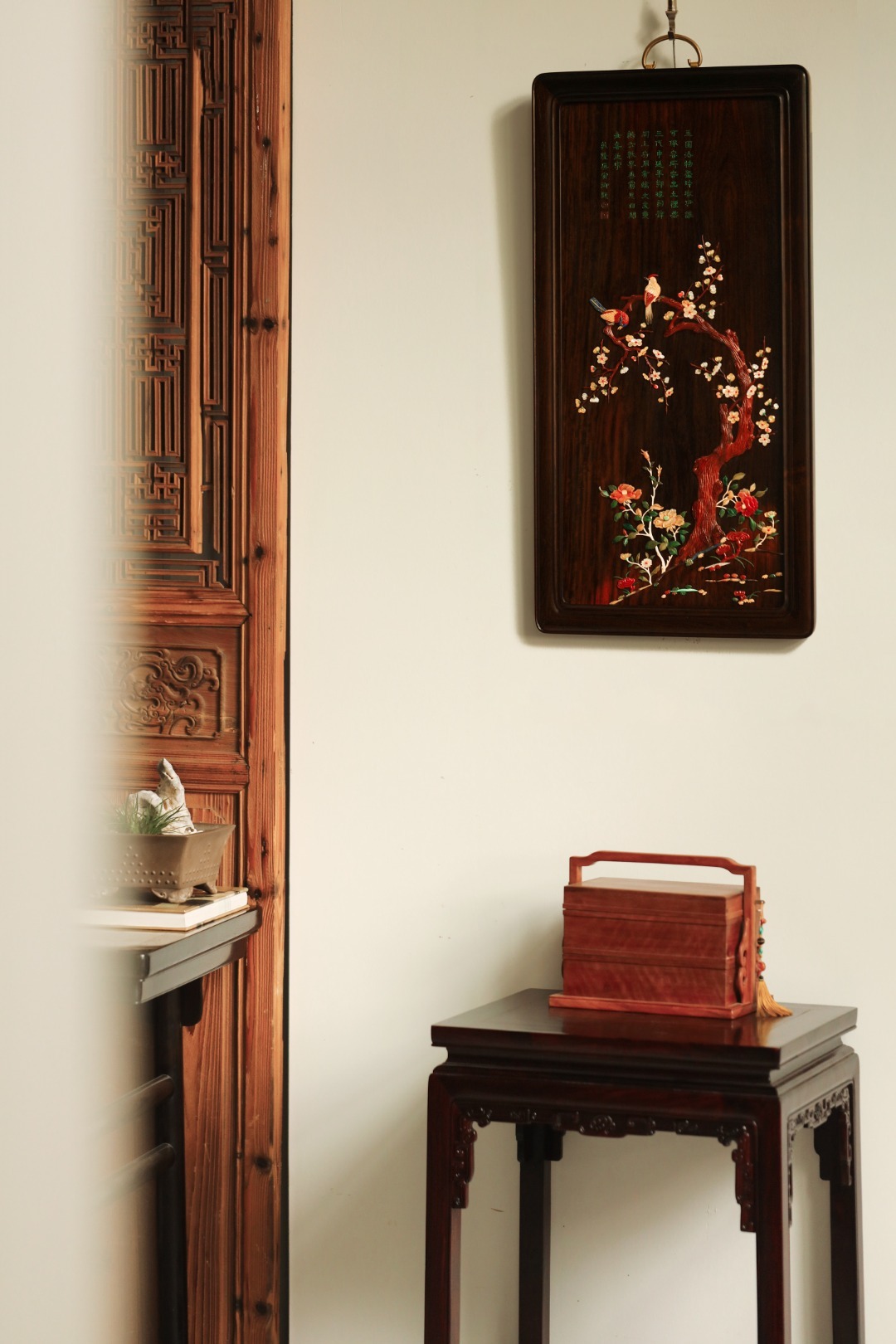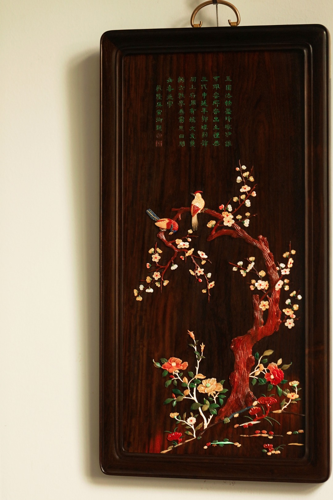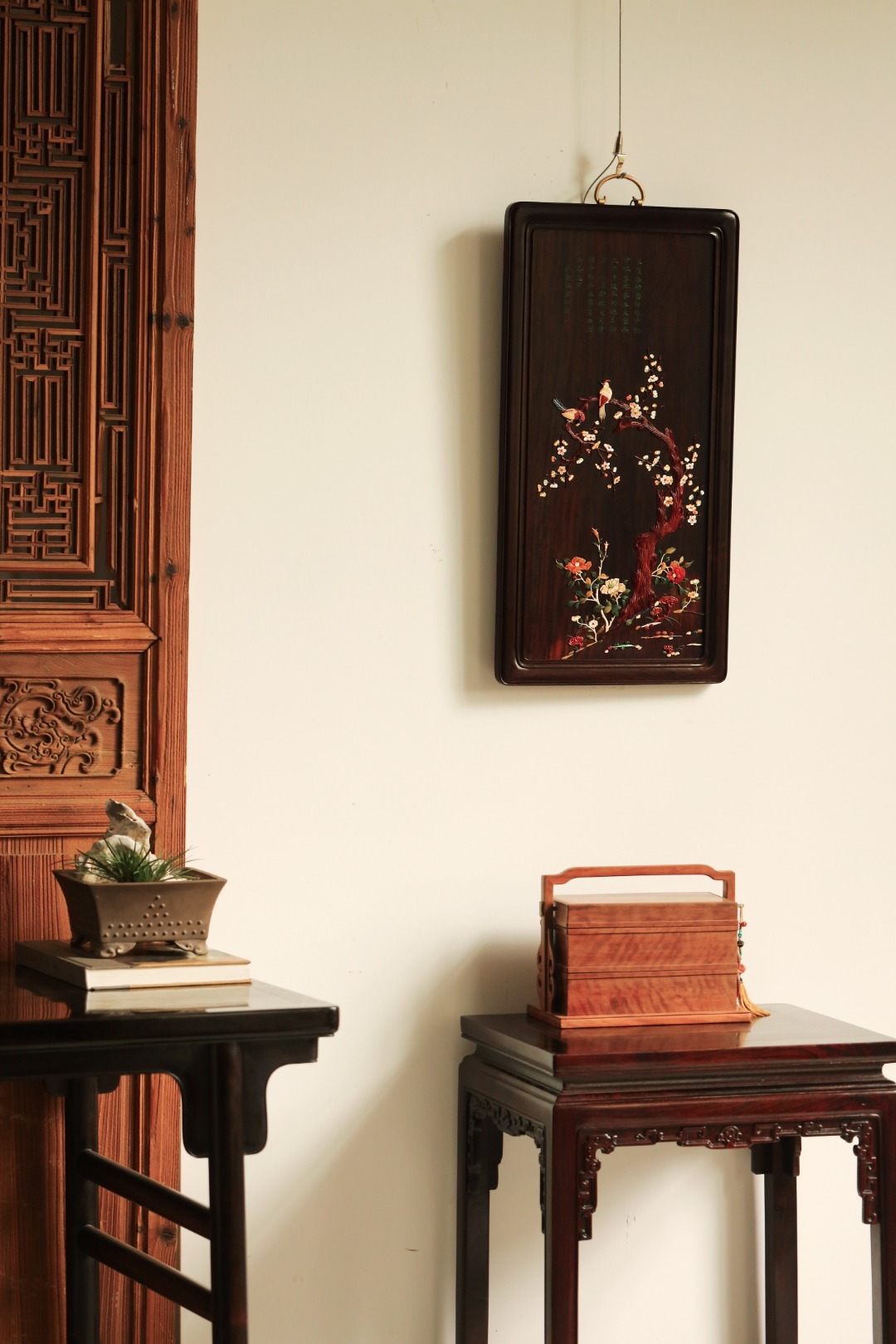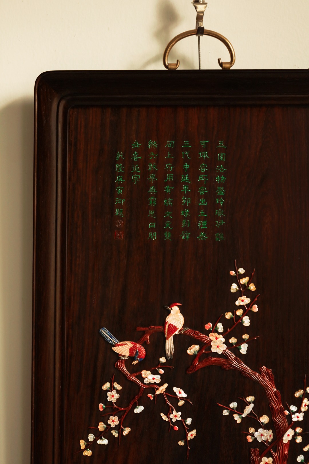 酸枝×百宝嵌 | 喜上眉梢 挂屏 大红酸枝独板制,承循宫廷技艺,集多材质于一体。 屏心百宝嵌作花鸟图, 错落清雅,为厅堂书斋陈设上选。65.5*34*2cm 重3055g
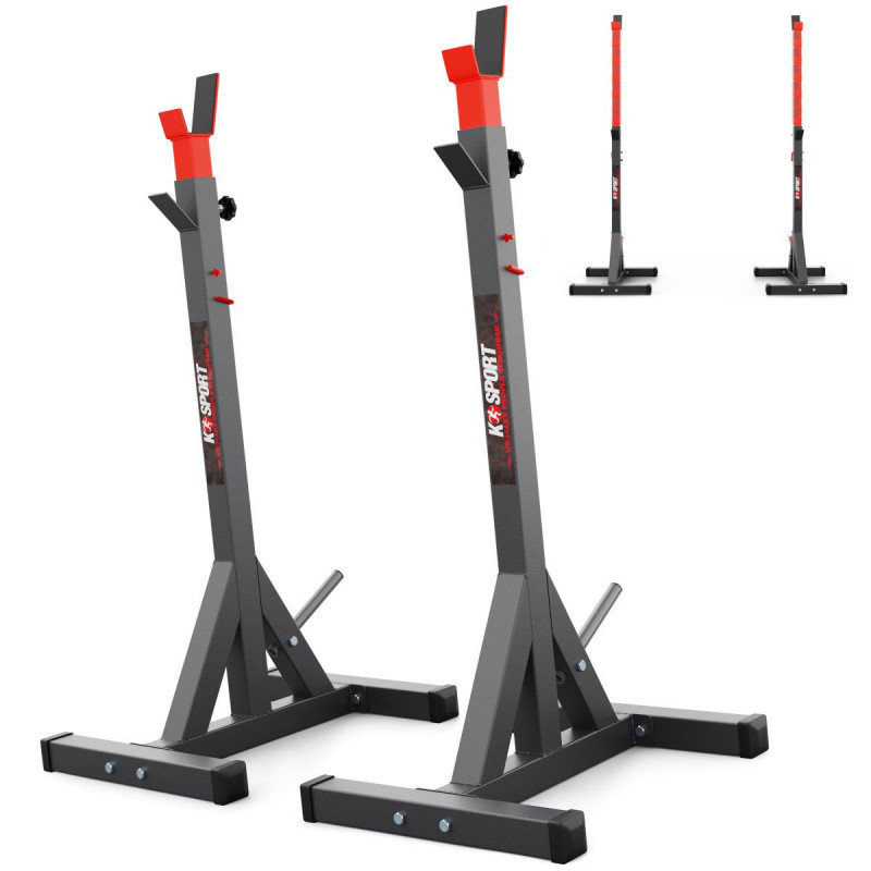 Наші стійки мають семирівневе регулювання висоти. Отвори для замків розмістили з інтервалом 10 см. Ви можете легко підлаштувати обладнання під свій зріст. Після встановлення на відповідній висоті зафіксуйте підставку за допомогою установочного гвинта та фіксуючої планки. Подвійна безпека - подвійна гарантія вашої безпеки! Також ми обладнали стійку для штанги спеціальним звукоізоляційним матеріалом. Це заспокоїть момент, коли ви кладете штангу, і не дасть їй подряпати. Посилені стійки для вправ зі штангою є необхідним обладнанням для кожного тренажерного залу. У пропозиції K-SPORT є все необхідне для комплектації обладнання для жиму ваги та роботи над силою м'язів!
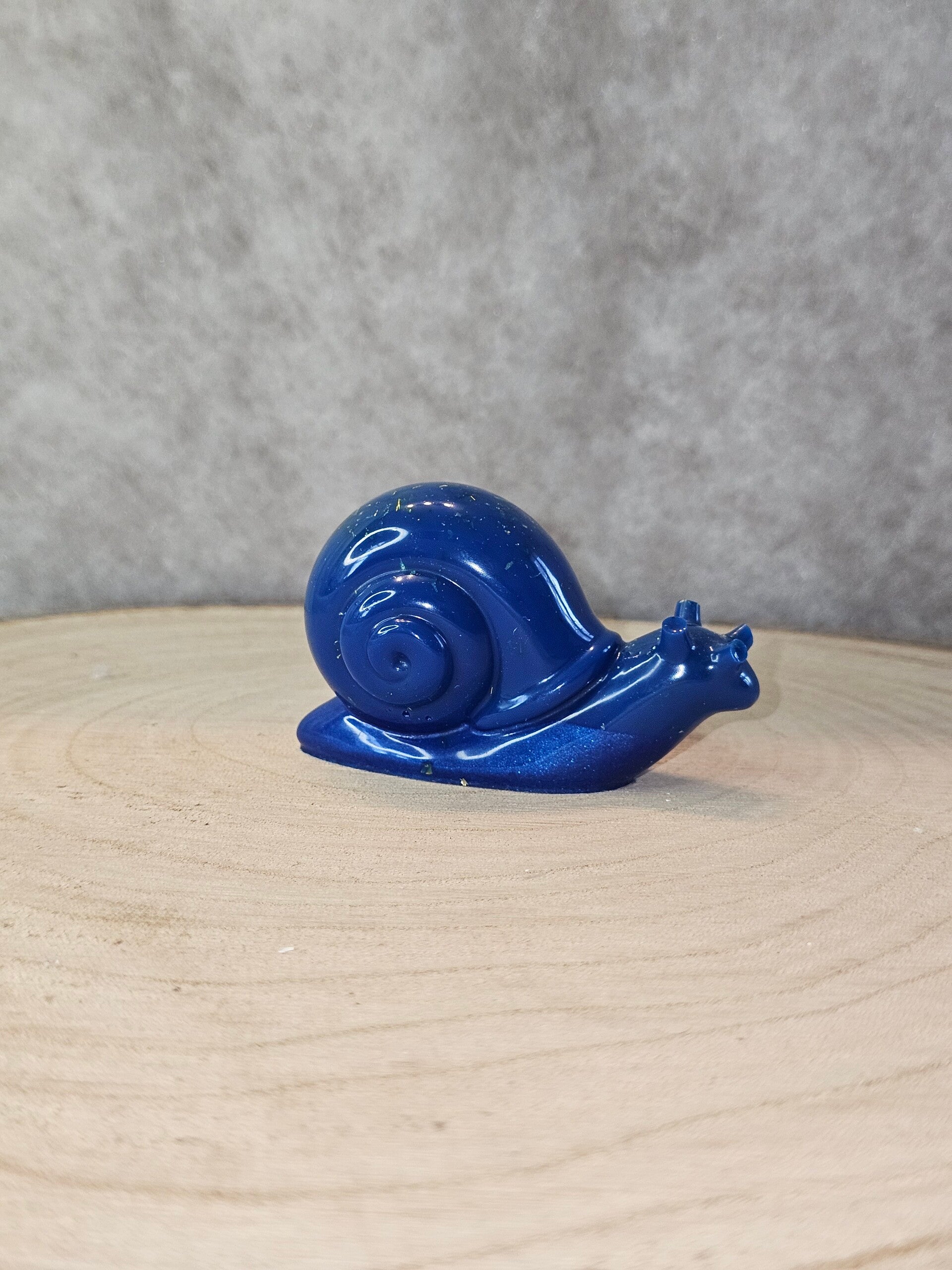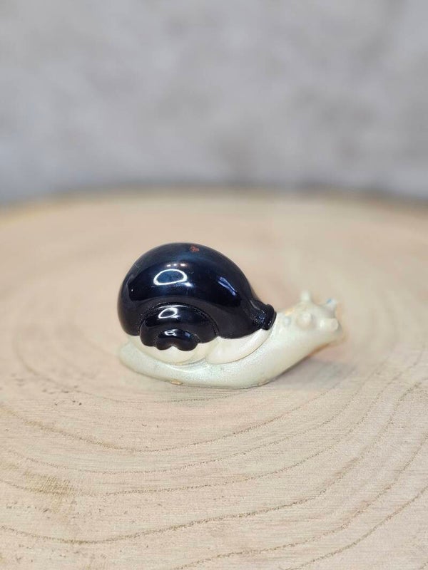 Forme et Texture : La coquille est bien bombée, lisse et présente une spirale moulée en relief, typique de la coquille d'escargot.
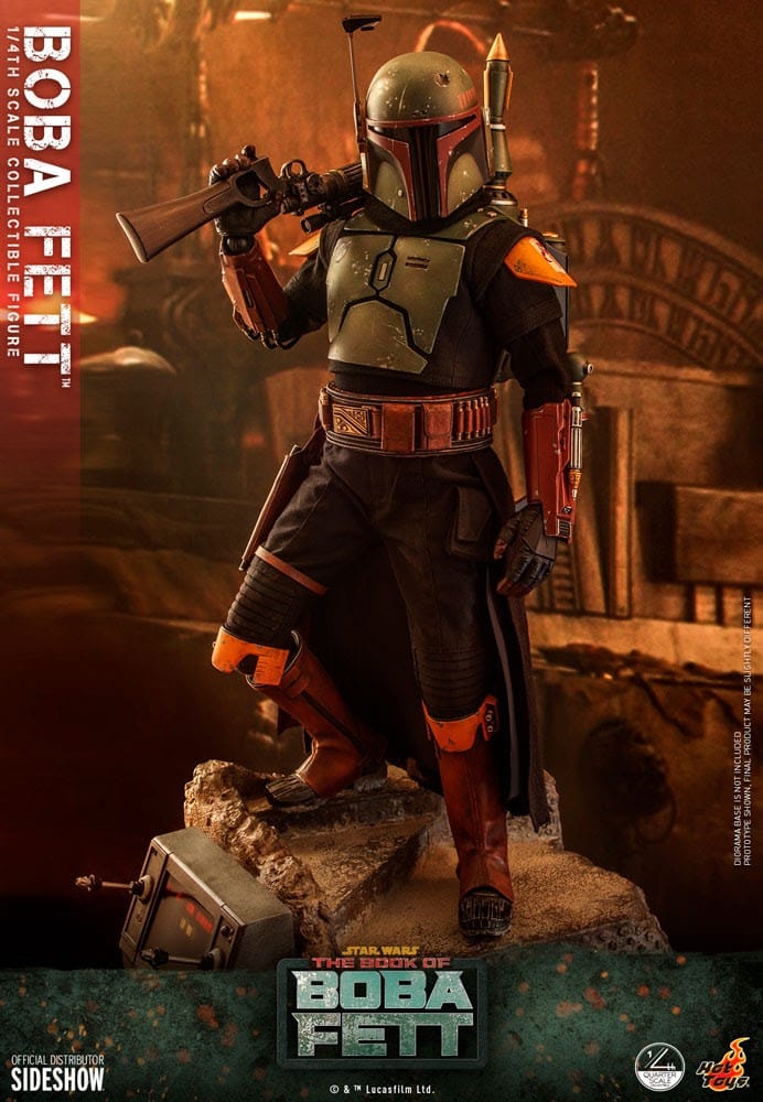 Inspired by The Book of Boba Fett, the Boba Fett 1/4 Scale Collectible Figure stands at an impressive 17.71″ tall, and features a hand-painted headsculpt with an authentic likeness of Temuera Morrison in the titular role. The figure also comes with a new Boba Fett Mandalorian™ helmet featuring an articulated rangefinder. Boba is dressed in detailed armor which includes gauntlets, knee guards, a belt with ammo clips, and a pistol holster. He comes equipped with a blaster rifle, a pistol, a flamethrower effect, and a jetpack with detachable rocket, plus holograms of his palace and starship. His armor, weapons, and accessories are expertly aged with weathered details. This highly poseable figure has over 30 points of articulation and comes with a specially designed figure stand.

■ WHAT YOU NEED TO DO
For this exercise, copy each line of the data above exactly, from the first through the line containing "Forme et Texture", and drop the pictures.

■ EXERCISE RESPONSE
 酸枝×百宝嵌 | 喜上眉梢 挂屏 大红酸枝独板制,承循宫廷技艺,集多材质于一体。 屏心百宝嵌作花鸟图, 错落清雅,为厅堂书斋陈设上选。65.5*34*2cm 重3055g
 Наші стійки мають семирівневе регулювання висоти. Отвори для замків розмістили з інтервалом 10 см. Ви можете легко підлаштувати обладнання під свій зріст. Після встановлення на відповідній висоті зафіксуйте підставку за допомогою установочного гвинта та фіксуючої планки. Подвійна безпека - подвійна гарантія вашої безпеки! Також ми обладнали стійку для штанги спеціальним звукоізоляційним матеріалом. Це заспокоїть момент, коли ви кладете штангу, і не дасть їй подряпати. Посилені стійки для вправ зі штангою є необхідним обладнанням для кожного тренажерного залу. У пропозиції K-SPORT є все необхідне для комплектації обладнання для жиму ваги та роботи над силою м'язів!
 Forme et Texture : La coquille est bien bombée, lisse et présente une spirale moulée en relief, typique de la coquille d'escargot.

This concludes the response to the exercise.